-------- INFORMATION PROVIDED --------

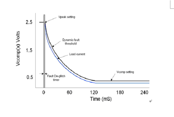 白熾燈的發(fā)光照明要求有一個動態(tài)故障閾值來對高浪涌電流進(jìn)行補償,并防止在開啟之初錯誤地觸發(fā)過電流條件。一個帶有開關(guān)的 RC 網(wǎng)絡(luò)的使用可以設(shè)置該動態(tài)故障的閾值(參見圖1)。通過使用這種方法,可以針對不同的白熾燈泡對短路電流進(jìn)行優(yōu)化。在最初的過電流閾值被設(shè)置時設(shè)置 VPEAK 電壓,然后當(dāng)在 VCOMP 終端上設(shè)置的電阻器分壓器值為恒定不變的 RC 時間常數(shù)時進(jìn)行衰減。每當(dāng)柵極從“關(guān)閉”狀態(tài)轉(zhuǎn)到“開啟”狀態(tài)時,便通過一個適當(dāng)通道的并行或串行輸入比特產(chǎn)生這種可變過電流閾值的波形。
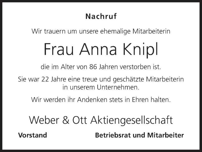 Hier finden Sie alle Traueranzeigen aus der Zeitung, die bisher für Anna Knipl erschienen sind. Weitere Traueranzeigen, die in der Zeitung erscheinen, werden hier ebenfalls aufgelistet
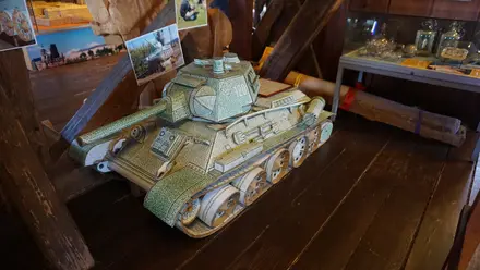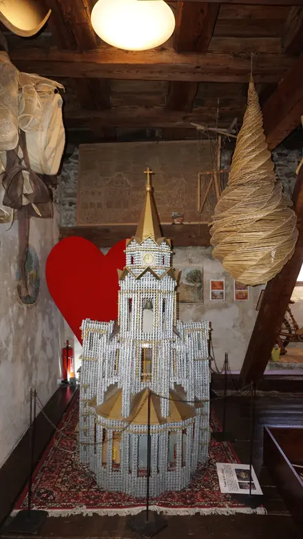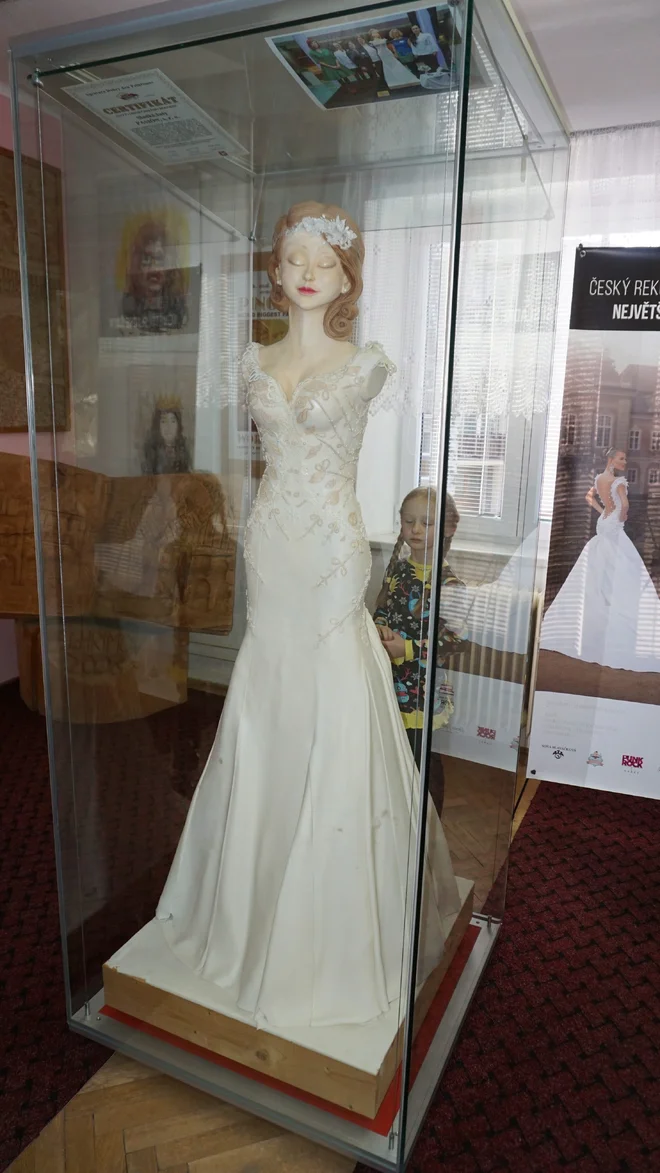 Až se pokocháte zahradou, přejdete do Zlatých českých ručiček. Na začátku potkáte velikánský kaleidoskop, hned vedle něj sedí ohromný Kuky. Dcerka by ho prý nacpala do obrovy postýlky. V dalších patrech se nám líbily největší sladké šaty, kamenné housle nebo třeba šaty z novinového papíru. A expozice představuje i více než 90 unikátních staveb ze zápalek a zápalkových hlaviček, které v průběhu 40 let zhotovil nadšenec Tomáš Korda.

--------

Print exactly, and only, the lines from the line containing "Hier finden Sie" to the last line of the material above, with every picture left out.

 Hier finden Sie alle Traueranzeigen aus der Zeitung, die bisher für Anna Knipl erschienen sind. Weitere Traueranzeigen, die in der Zeitung erscheinen, werden hier ebenfalls aufgelistet
 Až se pokocháte zahradou, přejdete do Zlatých českých ručiček. Na začátku potkáte velikánský kaleidoskop, hned vedle něj sedí ohromný Kuky. Dcerka by ho prý nacpala do obrovy postýlky. V dalších patrech se nám líbily největší sladké šaty, kamenné housle nebo třeba šaty z novinového papíru. A expozice představuje i více než 90 unikátních staveb ze zápalek a zápalkových hlaviček, které v průběhu 40 let zhotovil nadšenec Tomáš Korda.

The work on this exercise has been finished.